For example, every definition of an Integral is based on a particular measure: the Riemann Integral is based on Jordan Measure, and the Lebesgue Integral is based on Lebesgue Measure. The study of measures and their application to Integration is known as Measure Theory.

A measure is formally defined as a Nonnegative Map $m: F \rightarrow \Bbb{R}$ (the reals) such that $m(\emptyset) = 0$ and, if $A_n$ is a Countable Sequence in $F$ and the $A_n$ are pairwise Disjoint, then

m\left({\bigcup_n A_{n}}\right)= \sum_n m(A_{n}).

If, in addition, $m(X) = 1$, then $m$ is said to be a Probability Measure.

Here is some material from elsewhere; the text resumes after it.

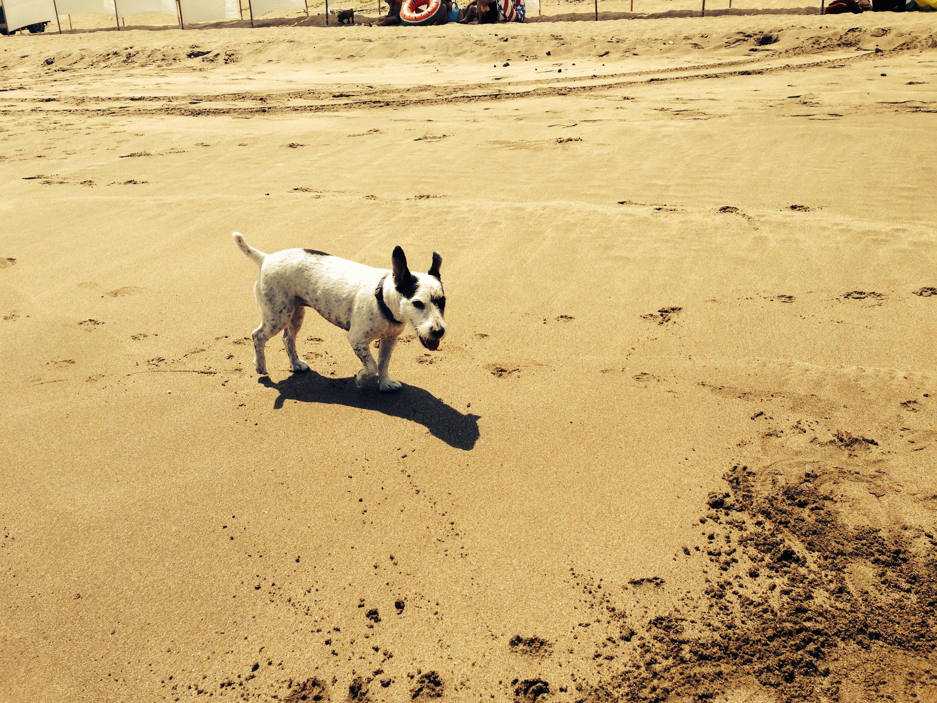 Scout & About September 29, 2014 3264 × 2448 Bow Wows On the Beach Scout prefers to wade into the depths at her own pace and rarely goes deeper than her tummy – which is not very deep.

A measure $m$ may also be defined on Sets other than those in the Sigma Algebra $F$. By adding to $F$ all sets to which $m$ assigns measure zero, we again obtain a Sigma Algebra and call this the ``completion'' of $F$ with respect to $m$. Thus, the completion of a Sigma Algebra is the smallest Sigma Algebra containing $F$ and all sets of measure zero.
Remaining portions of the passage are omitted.